At the Center for Atomic-Level Catalyst Design, an Energy Frontier Research Center (EFRC), center director Jerry Spivey with colleagues from Louisiana State University and Pennsylvania State University have combined catalyst synthesis, characterization, and computation to design ceria-based materials that clean up the output of a biomass gasifier. This work has generated materials that remove H2S and catalyze the reforming of the tar impurities. They started with rare earth oxides, which have a reputation for stability at high temperatures, reasonable sulfur absorption capacities, and activity for hydrocarbon oxidation. By adding small amounts of iron or manganese to these oxides, the researchers synthesized new catalysts that exhibited higher sulfur tolerance and better coking resistance (where the catalyst is deactivated when black soot accumulates on it) than the nickel-based catalysts typically used to break down tars or similar hydrocarbons at high temperatures.

Insight into the underlying chemistry was needed to optimize the design of these catalysts. Using computational chemistry to screen dozens of elements from the periodic table, they predicted a volcano curve that peaks at the optimum conditions. The optimum metals to add to the ceria were predicted to be rhodium, platinum, and palladium (expensive and rare metals), as well as iron and manganese (cheap and abundant).
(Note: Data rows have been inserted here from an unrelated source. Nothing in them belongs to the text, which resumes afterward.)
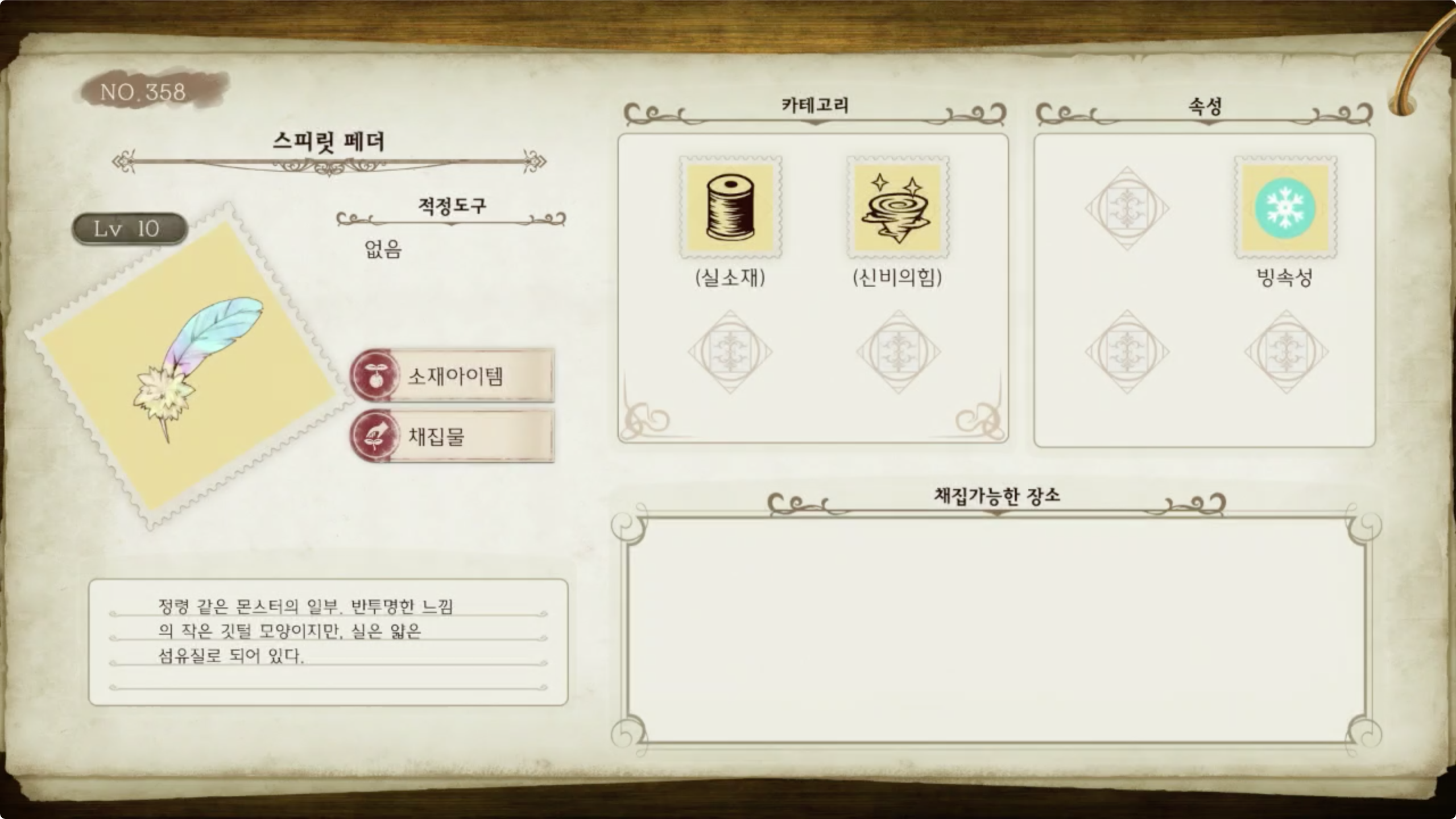 라이자의 아틀리에 - 아이템 도감 NO.358 스피릿 페더
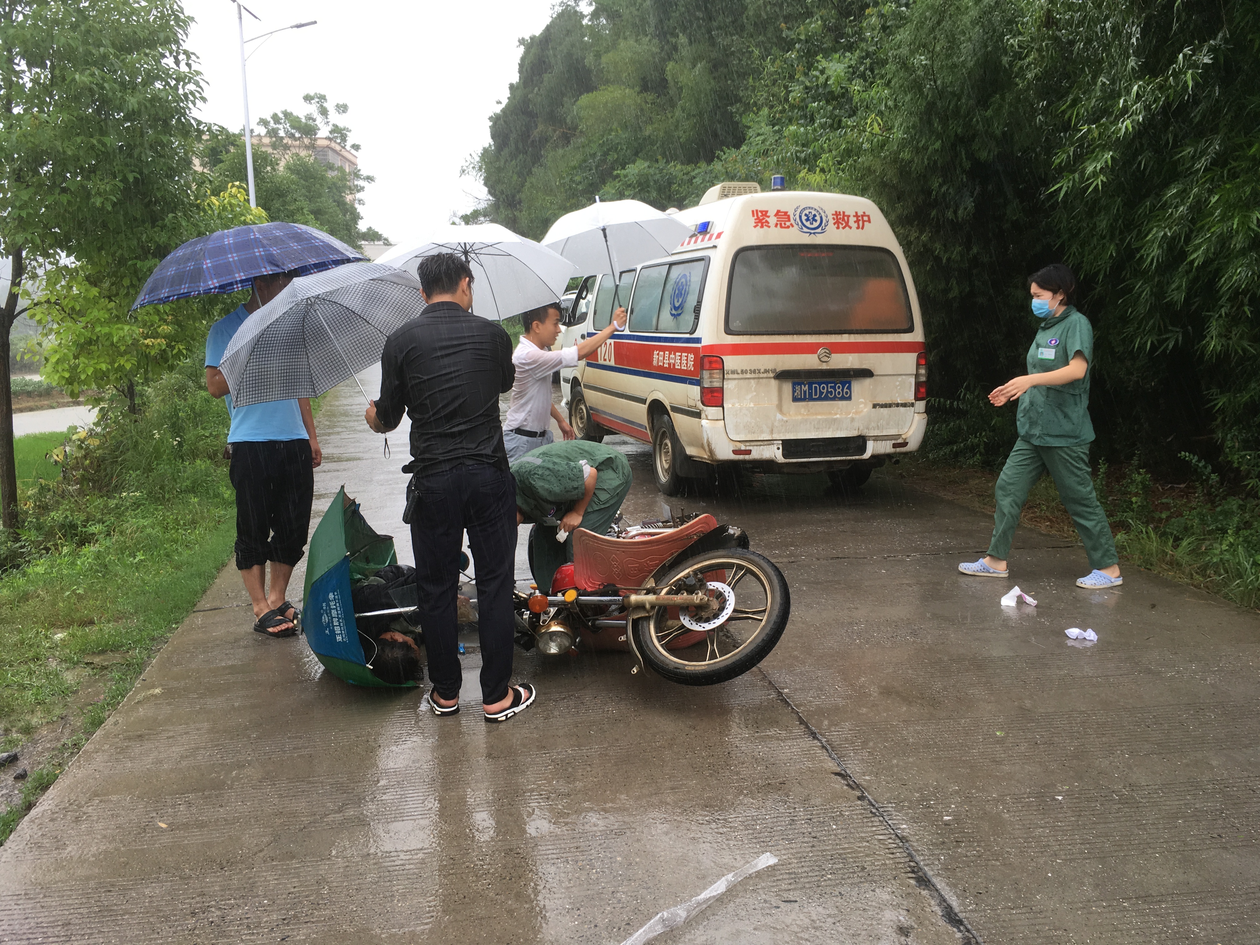 据了解,受伤群众系大坪塘镇大山仁村村民,骑摩托车路过大坪塘中心校路段时,因降雨过大,视线不好,且本人疏忽,在拐弯时车速过快,不慎摔倒造成重伤不能动弹,幸好得到了大家的帮助并及时送至县中医院救治。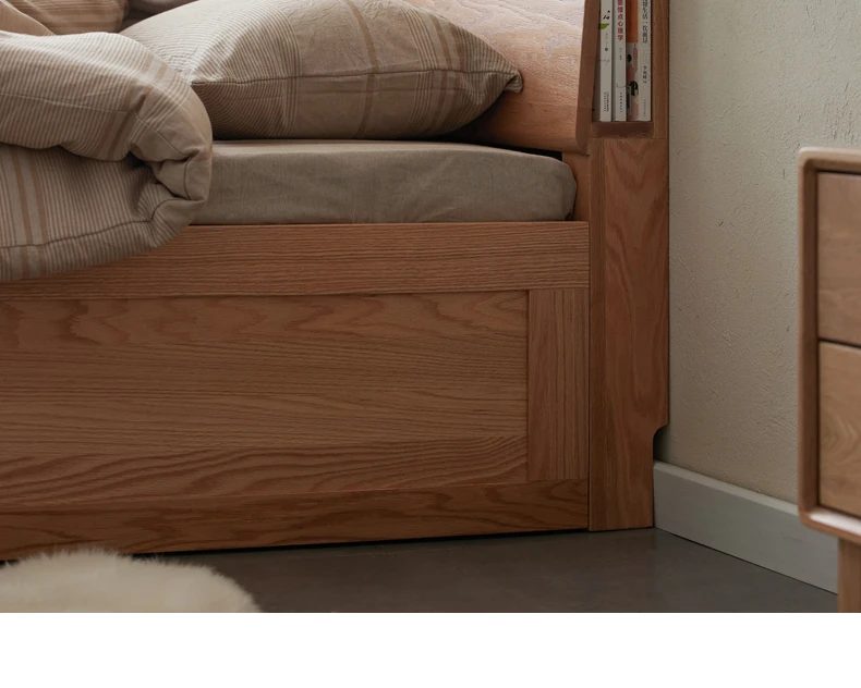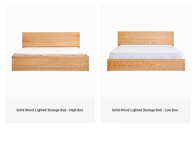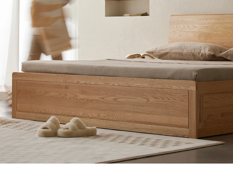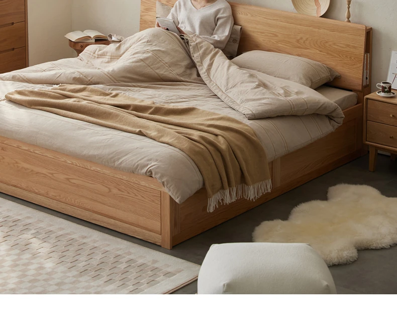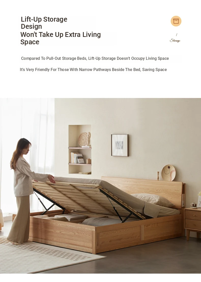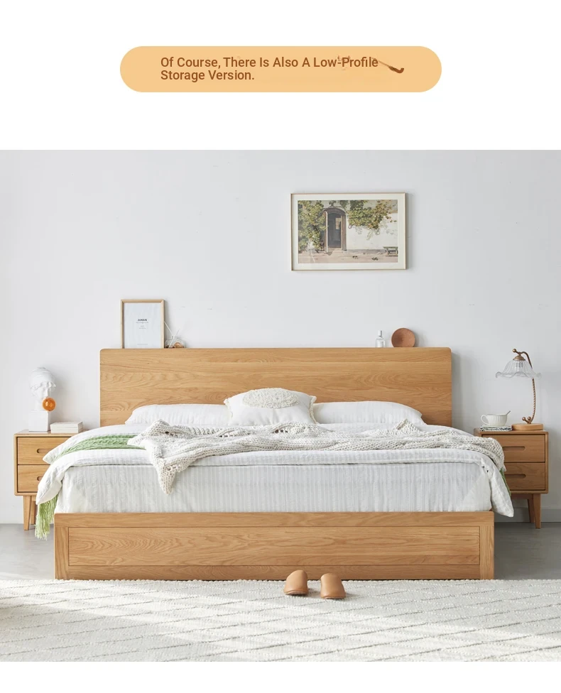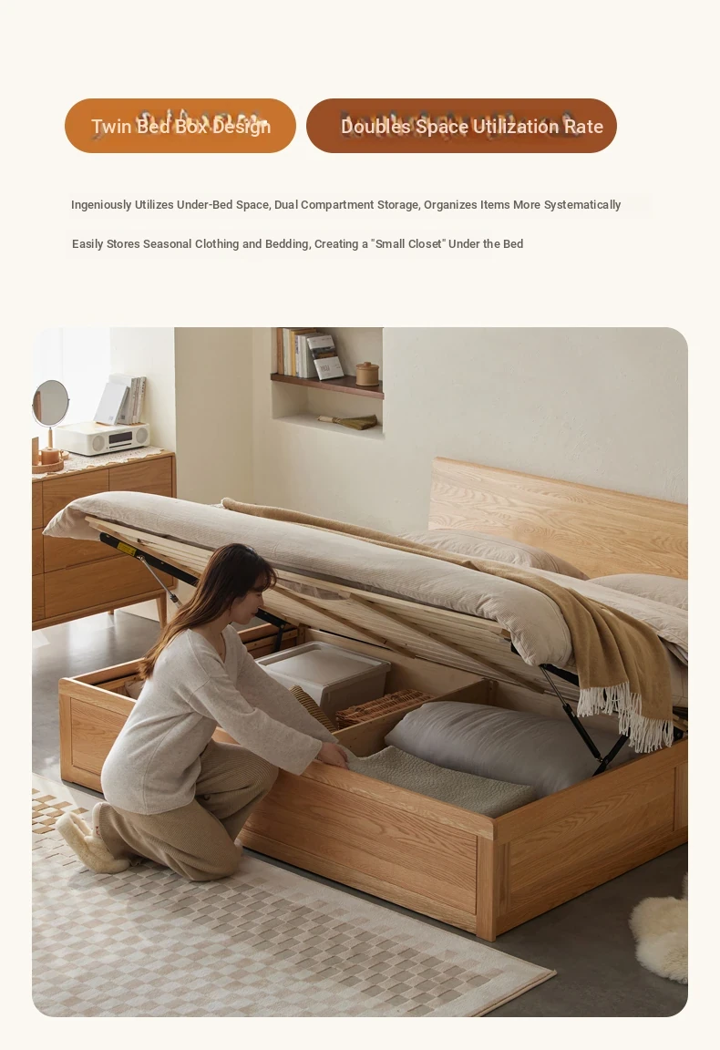 Solid Wood Storage Bed - 1.8m Nordic Oak High-Box Bed - Modern Minimalist Double Bed for Master Bedroom - Perfect Blend of Style and Functionality!

After synthesizing the new catalysts, they tested the long-term performance by exposing them to a "dirty" stream of syngas, H2S, and a model tar compound, to simulate what the catalysts would experience in a commercial gasifier. While H2S and tar would completely deactivate a typical nickel-based catalyst, the new catalysts lasted longer and were only partially deactivated; they continued to reduce the tar in the stream long after the nickel-based catalyst would have been deactivated. Moreover, after being deactivated by H2S, the new catalysts could be regenerated and recycled.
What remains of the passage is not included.